Metro and Kanaplex can be mixed supposedly.. Seachems reps have encouraged it in some cases and I've known people to do it, but I wouldn't go there myself since both can be stressful on the kidneys. At this point, I would go the parasite pellet (Jungle or self made) approach since it will get the parasites and may help any residual secondary bacterial issue. 

Oh and the boy I'm treating now for an internal case had mucasy white poo that cleared up to some degree with Metro and fully with Kanaplex. It was like..almost fluffy poo.. very odd. Never seen anything like it and could find only one obscure and not followed through forum post talking about it.


----------



## Sakura8 (May 12, 2011)

I think the reluctance to take Jungle pellets has more to do with the ingredients (mostly wheat) but unfortunately, as I noted, Kanaplex can be hard to find.  I wish it wasn't.
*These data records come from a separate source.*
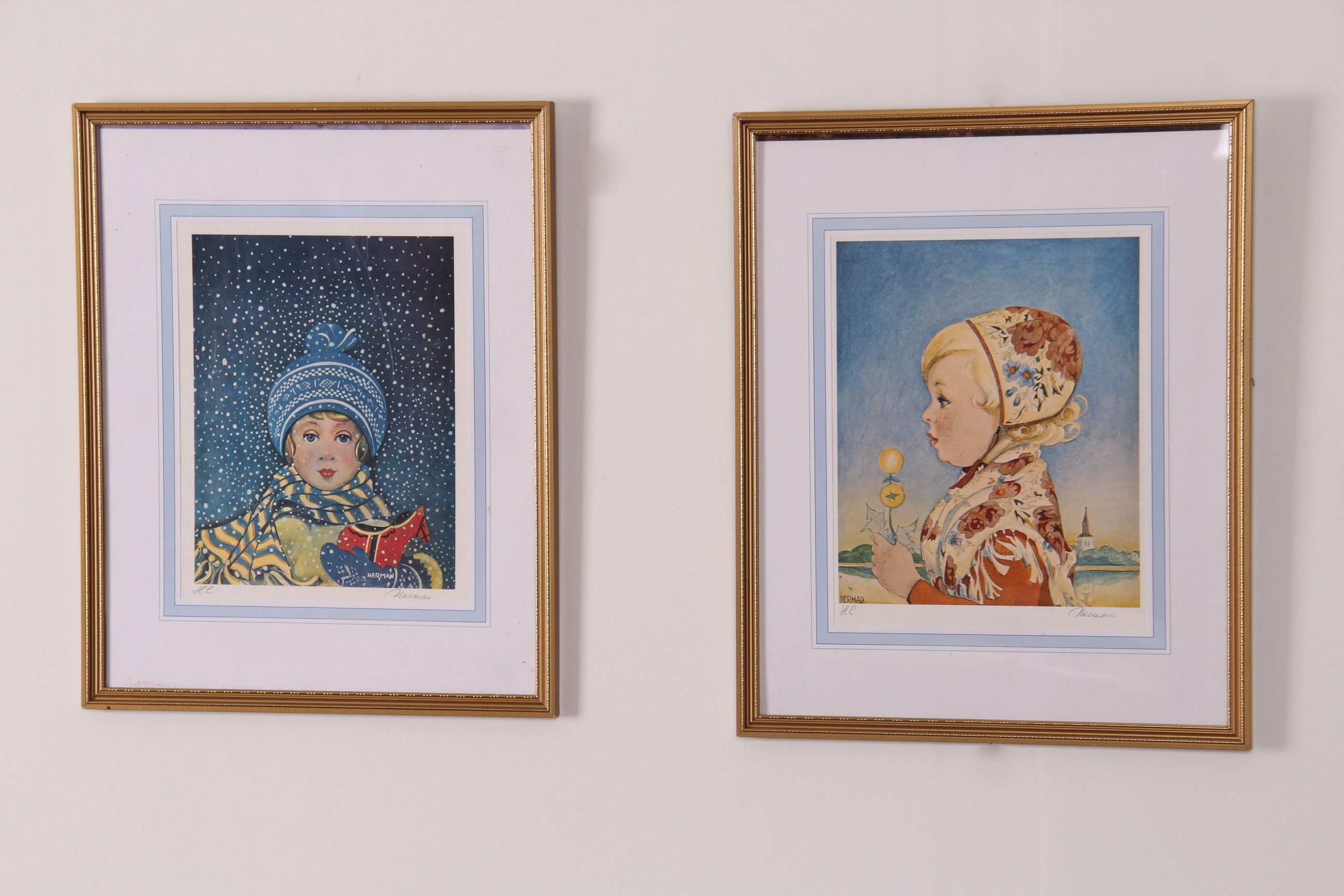 141686. EINAR NERMAN. Tryk, 2 stk, Blæk og blyant Signeret HC, Nerman.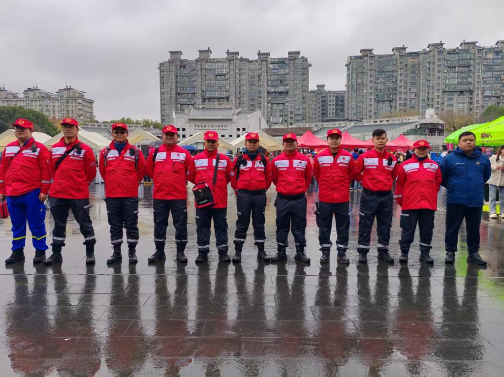 拱墅区红十字杭蓝救援队化身“安全卫士”,13名队员配备3台AED与8个急救包,为活动提供秩序维护、应急救援等保障服务,用专业守护每一步前行的“好运”。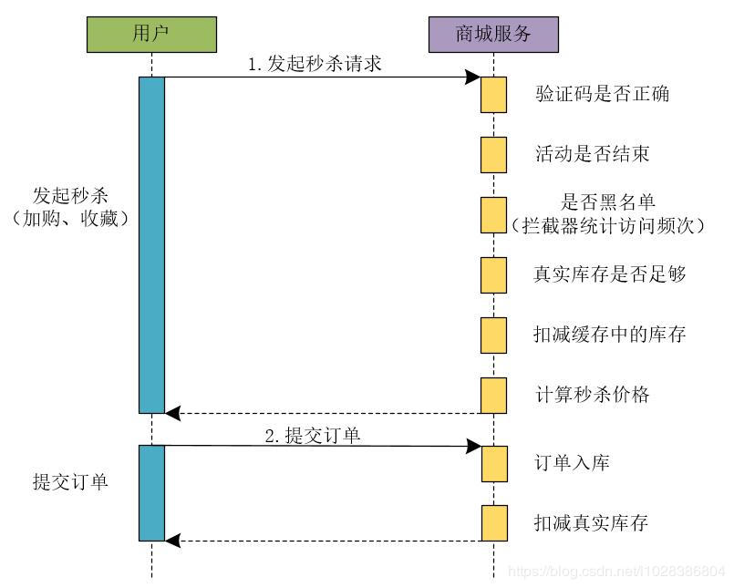用户发起秒杀请求后,商城服务会经过如下业务流程。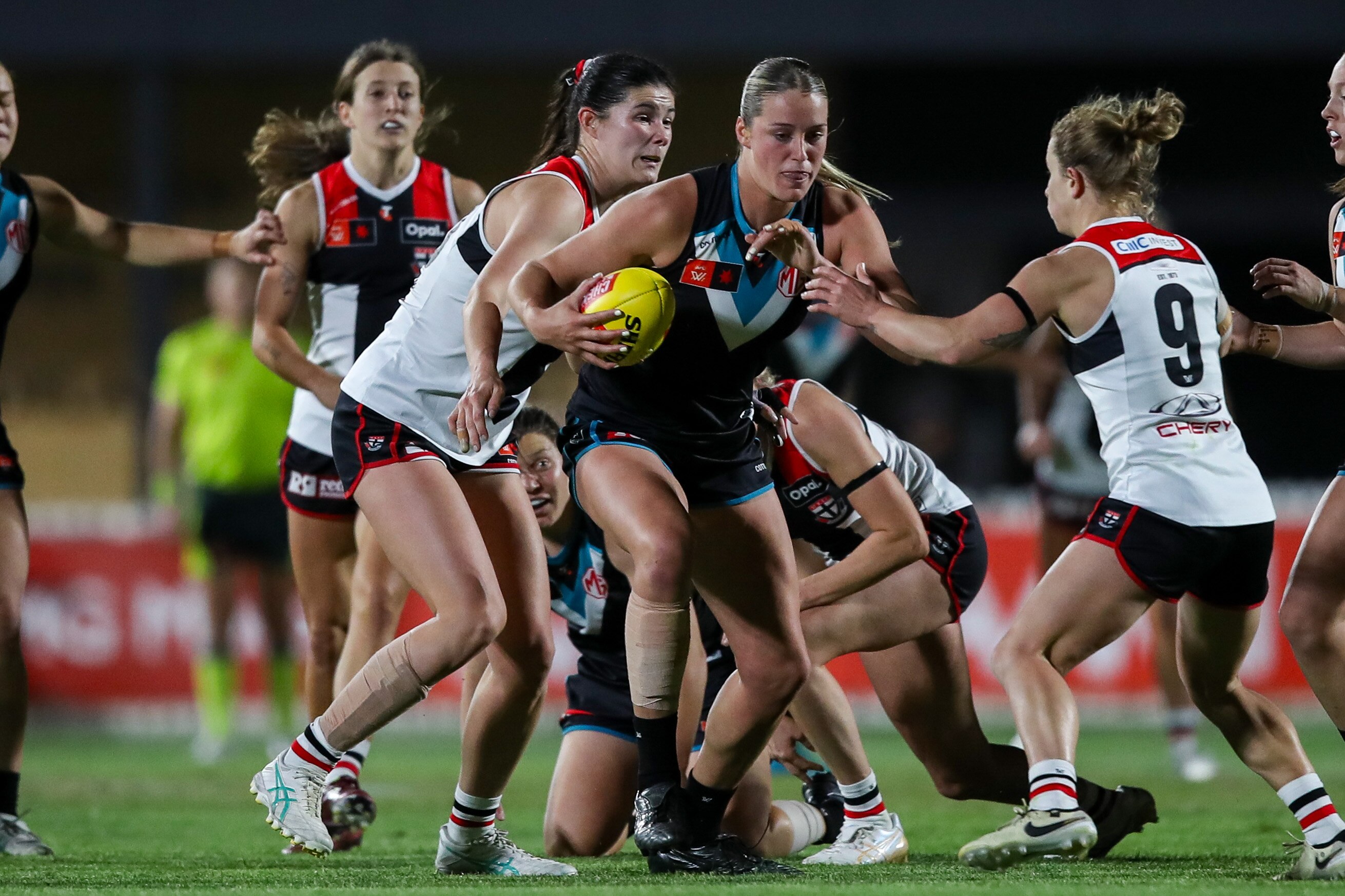 That reduced Port’s lead at the half to 20, but that blew out to 28 at three-quarter time after they held St Kilda scoreless In the third and Saint kicked her second.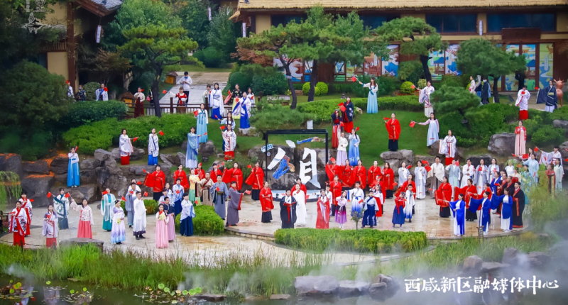 “蒹葭苍苍,白露为霜”“七月流火,九月授衣”……沣河之滨,在全国首个以《诗经》文化为主题的诗经里小镇,游客们不仅可以游览体验,还可能与“采诗官”邂逅,共同吟咏《诗经》篇章。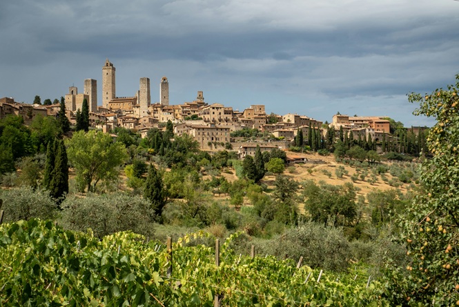 בעבר עיטרו את קו הרקיע של סן ג’מיניינו 72 מגדלים, 14 מהם עומדים עד ימינו. על הגבוה שבהם (60 מטרים) תוכלו לטפס כדי לתצפת על גבעות הפוריות המקיפות את היישוב. הן התפרסמו בכל רחבי איטליה עוד מימי הביניים בגידול של תבלין הזעפרן וגם בגידול של זן ענב לבן בשם Vernaccia. טוסקנה אמנם ידועה בעיקר ביינות האדומים שלה, אך יין לבן אסקלוסיבי זה היה אהוד מאד על שולחנם של מלכים ואפיפיורים, וגם בימינו זוכה לתהילת עולם (Vernaccia di San Gimignano).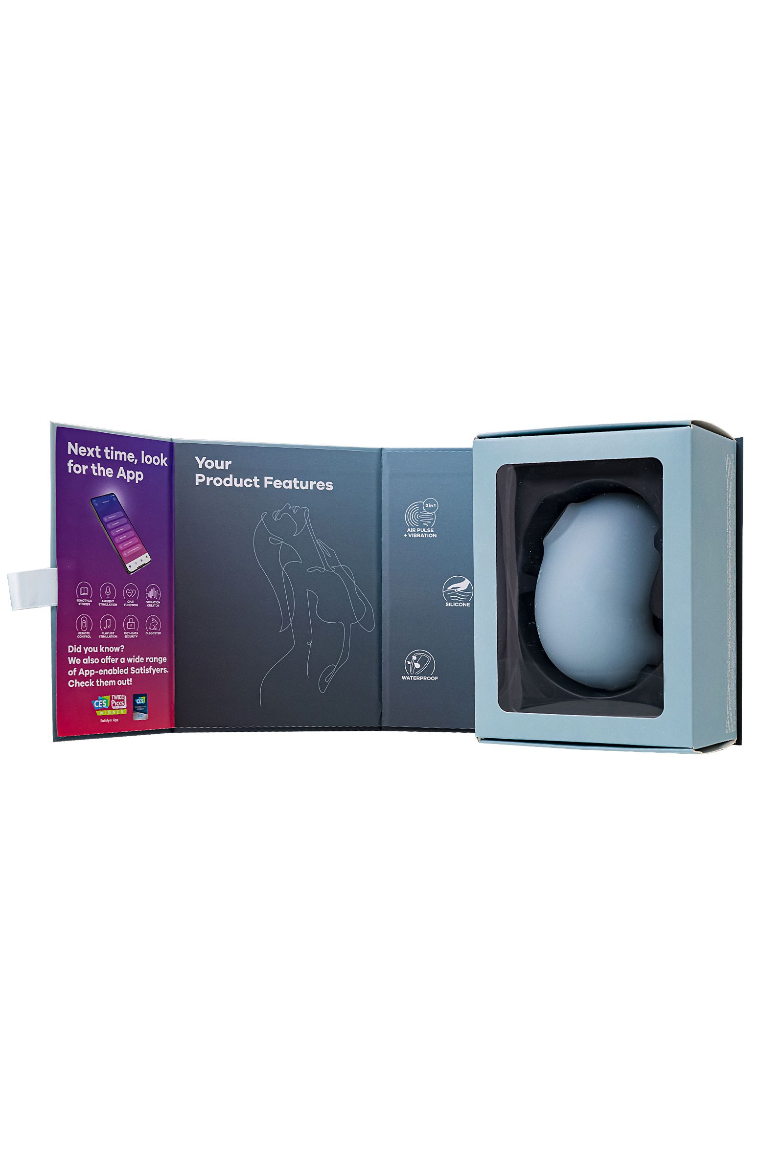 Полностью водонепроницаемый стимулятор можно брать с собой в душ или ванную, однако не рекомендуется держать игрушку в воде дольше 30 минут. Нежно-голубой силикон девайса совместим с лубрикантами только на водной основе. Заряжается через магнитный USB кабель. Очищать мыльным раствором или сперем для игрушек.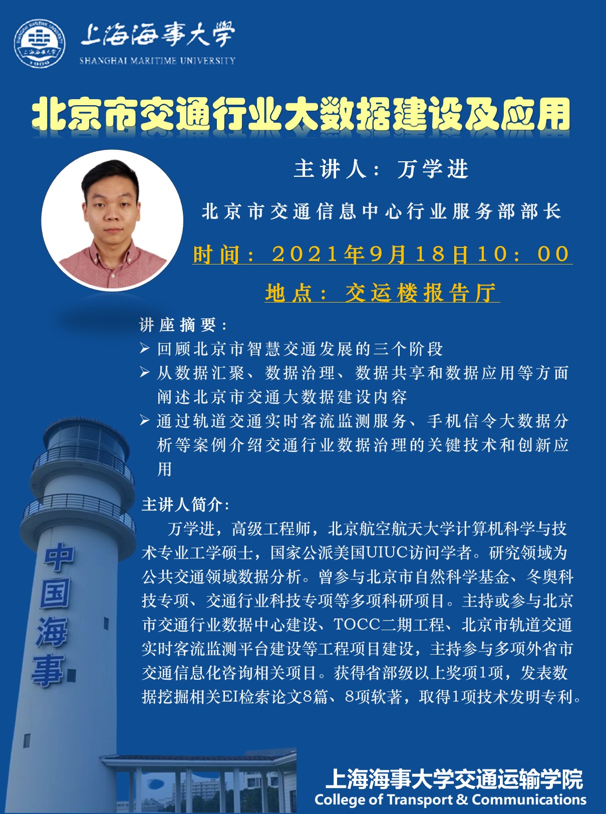 万学进,高级工程师,北京航空航天大学计算机科学与技术专业工学硕士,国家公派美国UIUC访问学者。研究领域为公共交通领域数据分析。曾参与北京市自然科学基金、冬奥科技专项、交通行业科技专项等多项科研项目。主持或参与北京市交通行业数据中心建设、TOCC二期工程、北京市轨道交通实时客流监测平台建设等工程项目建设,主持参与多项外省市交通信息化咨询相关项目。获得省部级以上奖项1项,发表数据挖掘相关EI检索论文8篇、8项软著,取得1项技术发明专利。

I personally haven't seen Seachem Metro but I have found Hikari Metro which could be used as a food soak. Another option, although a bit more expensive and requiring a short wait for shipping, is to get kanamycin flakes from online. www.angelsplus.com in the medicated food section.


----------



## Zorra (Dec 30, 2011)

I thought I'd come by and give an update. I went to petsmart twice today, unfortunitly it was before I saw your most resent posts about the food. I did look at some of the food that was sugested before but since I'm a bit squeemish, the rep pointed me towards a parasite free food, likely what you pointed out above but they didn't have any in stock. 

I was able to trade the ten gal aquarium for a smaller betta tank of 3.5gal. It's rather large in my opion and is a bit taller then I should like, but I'm going to get two guppies and some snails to share the space later on. It didn't come with a heater but it does come with colored lights that have ten different intensity settings and a filter. My friend is going to buy me a small air pump next payday and a vacume hose for the rocks. So nice of him. He's into crustations and wants to get a crab for my tank. No way! The light is powerful enough to heat the water in a controled setting so she said a heater wouldn't be needed. I'll try it out. 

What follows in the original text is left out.